Heterogeneous memory and its application and optimization in machine learning systems

The fourth paradigm is deeply cultivated in the field of artificial intelligence, with both breadth and depth of understanding in artificial intelligence-related algorithms, applications, systems, and underlying architecture design.

With the rapid development of advanced storage technologies in recent years, disruptive storage technologies have emerged, such as non-volatile storage and SSD. The heterogeneous memory architecture based on such technologies is subverting the design and optimization model of traditional applications.

The fourth paradigm is the first to lay out on the heterogeneous memory architecture, and has carried out a number of innovative exploration, research and development and landing practices, such as parameter servers [The fourth paradigm launched the industry’s first trillion-dimensional online estimation based on persistent memory and supporting millisecond recovery System: https://www.163.com/tech/article/FGCFSO4N00099A7M.html ], memory database, etc. [The joint research results of Intel and Fourth Paradigm were selected into the International Top Conference VLDB Optane™ persistent memory blessing optimization trillion dimensions Feature online estimation system: https://newsroom.intel.cn/news-releases/the-joint-research-results-of-intel-and-4paradigm-were-selected-into-the-vldb-international-conference /].

This article will introduce the technical background of heterogeneous memory architecture and the technical practice on automatic machine learning systems.

Heterogeneous memory architecture

Traditionally, what we call memory generally refers to dynamic random storage, that is, DRAM. In addition, there will be small-capacity fast storage devices in the CPU. We generally call them the CPU cache (ie L1/L2 cache). Persistent slow storage devices constitute external storage, such as disks. Therefore, external memory, memory, and CPU cache constitute the entire storage architecture pyramid. However, with the commercialization of revolutionary non-volatile memory technology, the memory in this pyramid is no longer composed of DRAM alone, but a heterogeneous memory architecture composed of DRAM and non-volatile memory.

In addition, the emergence of non-volatile memory has also blurred the functional boundary between memory and external memory, making memory data persistence possible. Today, non-volatile memory technology is fully mature. The Intel® Optane™ persistent memory (referred to as persistent memory or PMem) released by Intel in 2019 is a representative product of this technology.
在这里插入图片描述

Figure 1. Storage architecture pyramid based on heterogeneous memory

Figure 1 shows the storage architecture pyramid containing heterogeneous memory. It can be seen that, in essence, persistent memory is between DRAM and external memory in the pyramid, and its capacity, performance, and cost are between the two. Even functionally, it is a hybrid of DRAM and external memory. It can be used directly as memory (memory mode) or as a persistent device (App Direct mode, referred to as AD mode).

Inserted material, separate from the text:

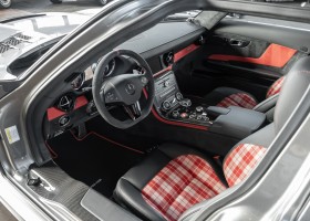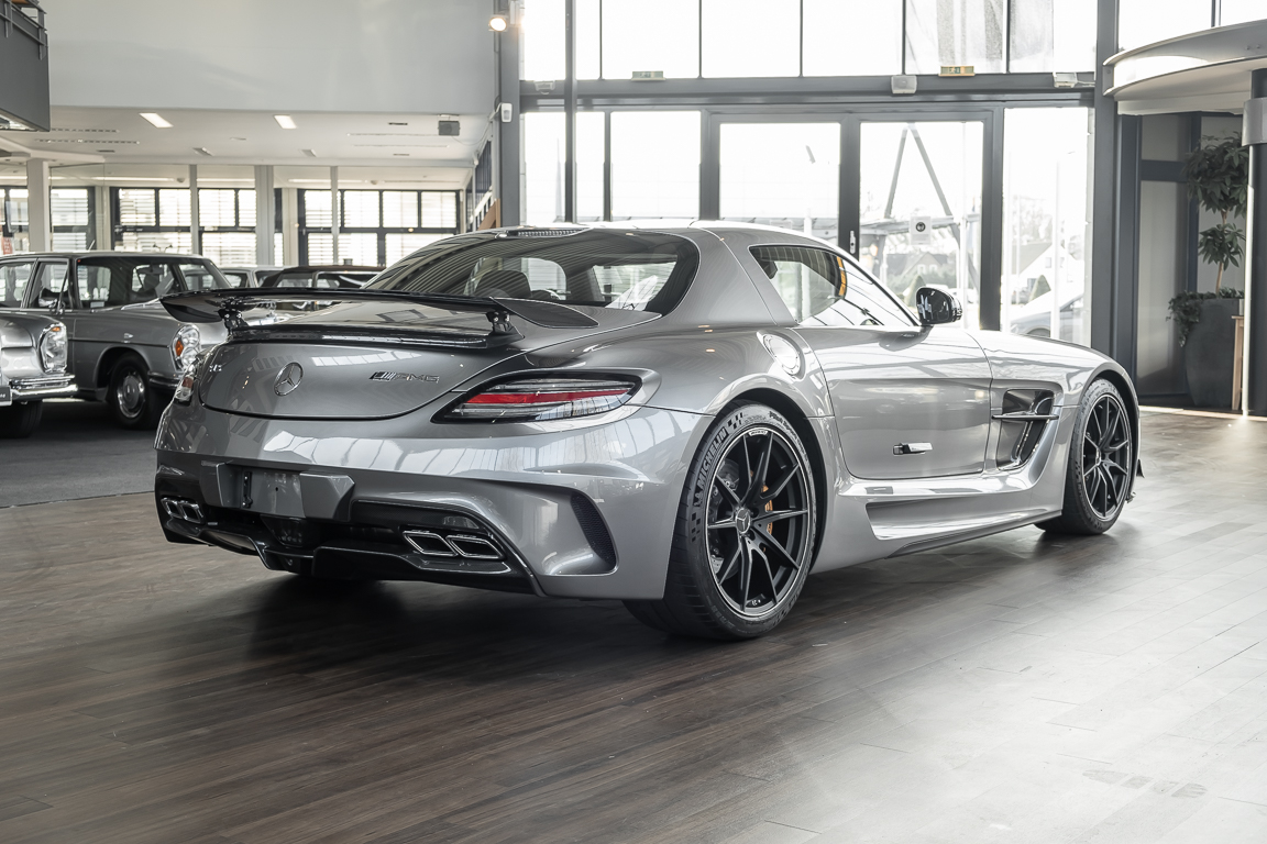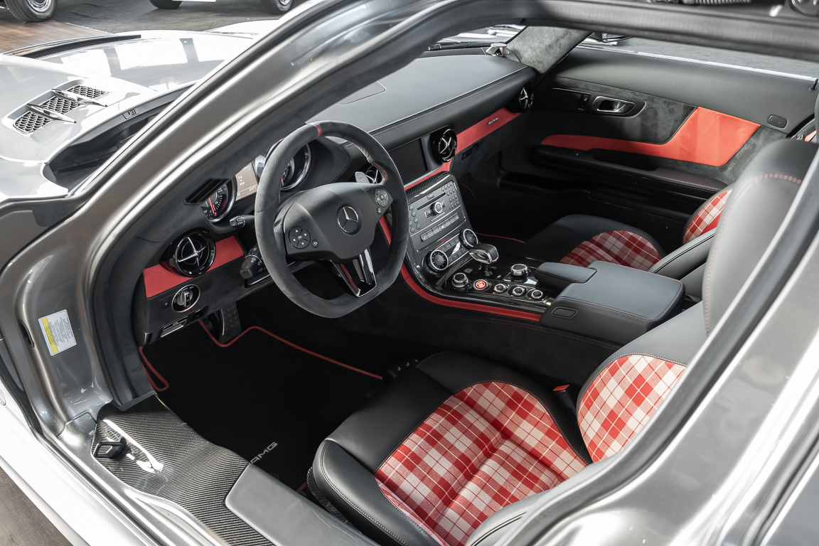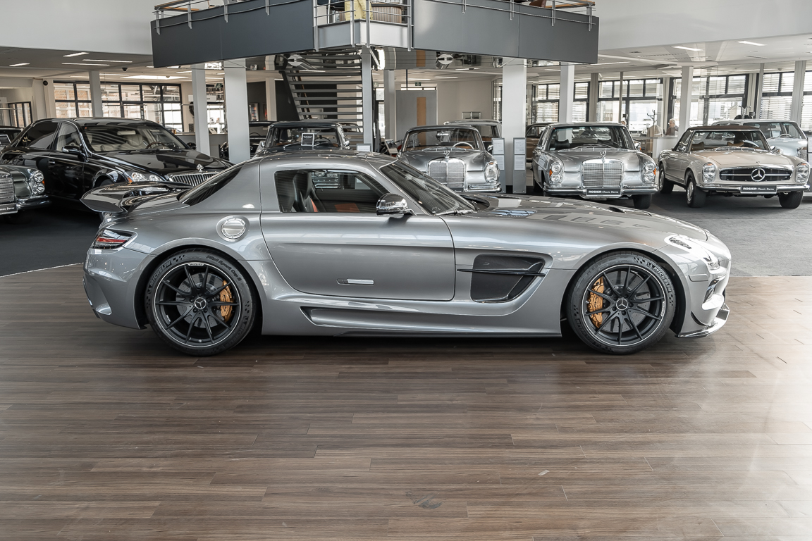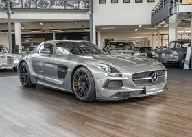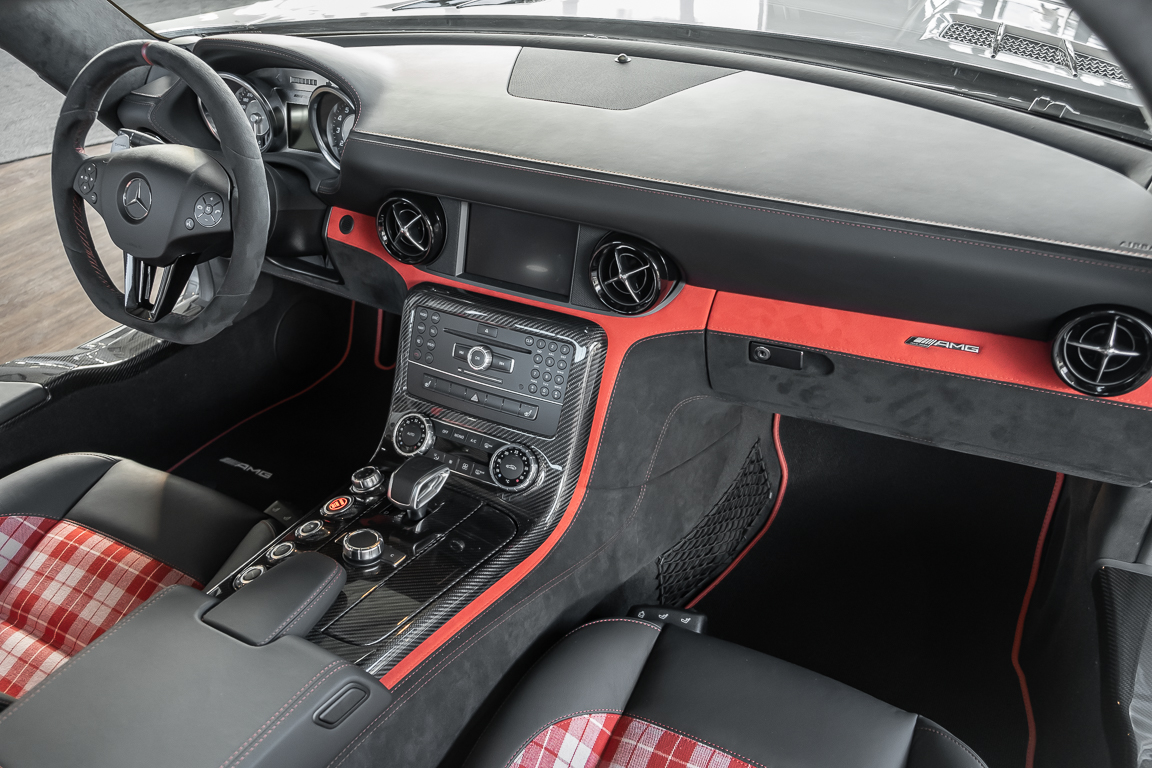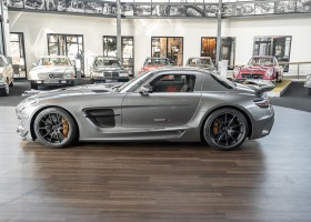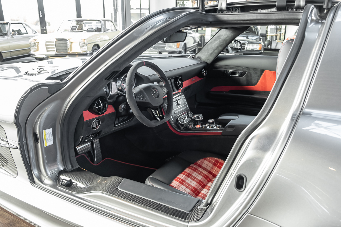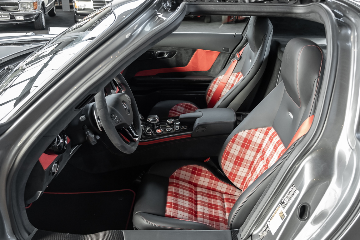 Wir freuen uns, Ihnen diese Sensation anbieten zu können: einen SLS AMG Black Series mit unglaublichen 850 Kilometern Laufleistung! Ein Black Series, dem man ganz ohne Zweifel den Neuwagenstatus attestieren kann – trotz seines Alters von mittlerweile 9 Jahren. Das Fahrzeug besitzt eine deutsche Zulassung wurde aber defakto nur zu Erhaltungsfahrten bewegt. In unserem Hause wurde der Innenraum dieses Flügeltür-Coupés einem sensationellen Finish unterzogen. Mit dem original Karostoff aus dem legendären 300 SL Flügeltürter wurden die Sitze durch unseren Polsterer aufgearbeitet und fügen sich nunmehr perfekt in die rot abgesetzten Details des Innenraums. Ein absoluter Überflieger, dessen Einmaligkeit außer Frage steht. Machen Sie sich ein eigenes Bild und verfallen Sie der Schönheit dieser Sensation!

In the memory model, persistent memory is transparent to the operating system, and its capacity directly reflects the overall available memory capacity; the AD model exposes the storage hierarchy and is fully controlled by the developer. Therefore, due to the special existence of persistent memory, the modern memory architecture has not only become more complicated at the level, but also has revolutionary changes in function. Developers need to think more about how to make good use of the heterogeneous memory architecture. Problems, such as:

Optimization of multi-level storage. Persistent memory provides a memory solution with performance close to that of DRAM, but at a lower cost, which is very beneficial for applications with huge memory consumption. However, the introduction of multi-level storage architecture also brings higher challenges for performance optimization. We know that high-performance caching is of great significance in performance tuning. On the one hand, there are often hot spots in real data, and caching can effectively improve the access performance of hot data; on the other hand, cache sensitive data structures (cache
conscious) In order to squeeze hardware performance, there are often sophisticated designs. Then, the emergence of persistent memory makes this storage level more complicated, and puts forward higher requirements for the design of multi-level caching mechanisms, data structures, and algorithms.
Utilization of persistence mechanism. Persistent memory makes external memory no longer the only option for storing data. Persistent memory provides far higher persistence performance than traditional external memory devices, but its capacity is relatively small. How to effectively play the characteristics of high performance and persistence in some scenarios has become a new problem that needs to be considered when the application is implemented. For example, for online service applications that need to guarantee service quality around the clock, memory data persistence can provide fast recovery capabilities after offline; in addition, the original disk IO is a performance bottleneck scenario, you can also use persistent memory as a storage medium to improve Overall system performance.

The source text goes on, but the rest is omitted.